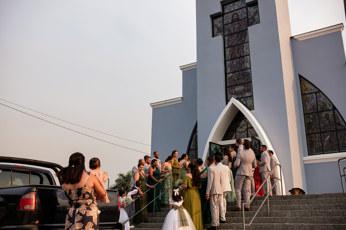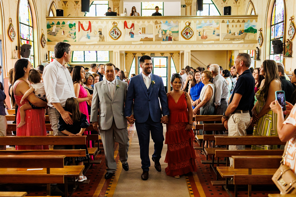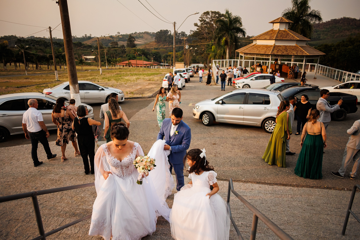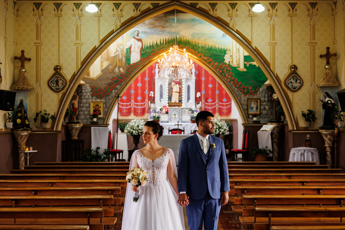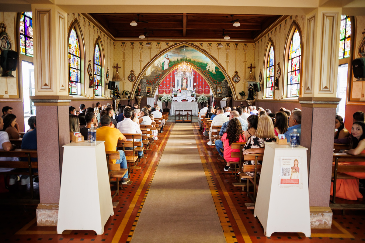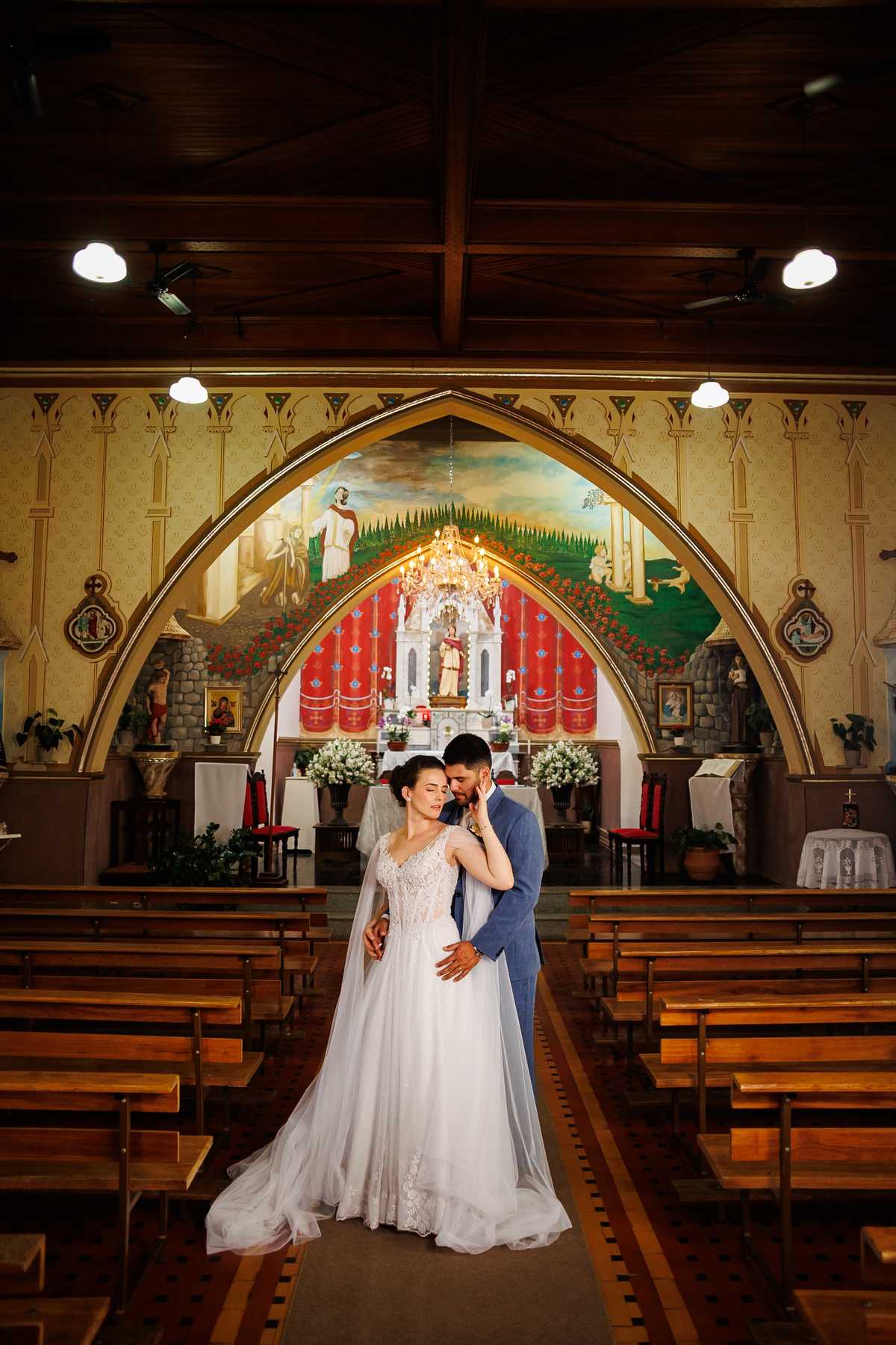 Após a cerimônia, fizemos um ensaio dos recém-casados na própria igreja, aproveitando o ambiente ainda repleto de emoção. Enquanto isso, os convidados se dirigiam ao Tuia Véia, onde a festa já prometia ser animada.
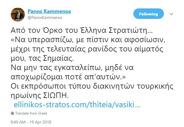 “Από τον Όρκο του Έλληνα Στρατιώτη…«Να υπερασπίζω, με πίστιν και αφοσίωσιν, μέχρι της τελευταίας ρανίδος του αίματός μου, τας Σημαίας. Να μην τας εγκαταλείπω, μηδέ να αποχωρίζομαι ποτέ απ’αυτών” έγραψε μεταξύ άλλων ο υπουργός Εθνικής Άμυνας.
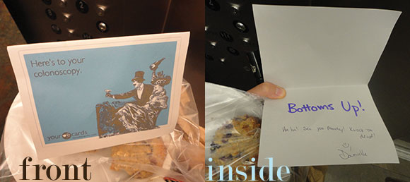 Inside: “Bottoms Up! Ha ha! See you Monday! Knock ’em dead!”

- Work to complete: For each line above, output its wording exactly and leave out any picture.

- Result of the task:
 Após a cerimônia, fizemos um ensaio dos recém-casados na própria igreja, aproveitando o ambiente ainda repleto de emoção. Enquanto isso, os convidados se dirigiam ao Tuia Véia, onde a festa já prometia ser animada.
 “Από τον Όρκο του Έλληνα Στρατιώτη…«Να υπερασπίζω, με πίστιν και αφοσίωσιν, μέχρι της τελευταίας ρανίδος του αίματός μου, τας Σημαίας. Να μην τας εγκαταλείπω, μηδέ να αποχωρίζομαι ποτέ απ’αυτών” έγραψε μεταξύ άλλων ο υπουργός Εθνικής Άμυνας.
 Inside: “Bottoms Up! Ha ha! See you Monday! Knock ’em dead!”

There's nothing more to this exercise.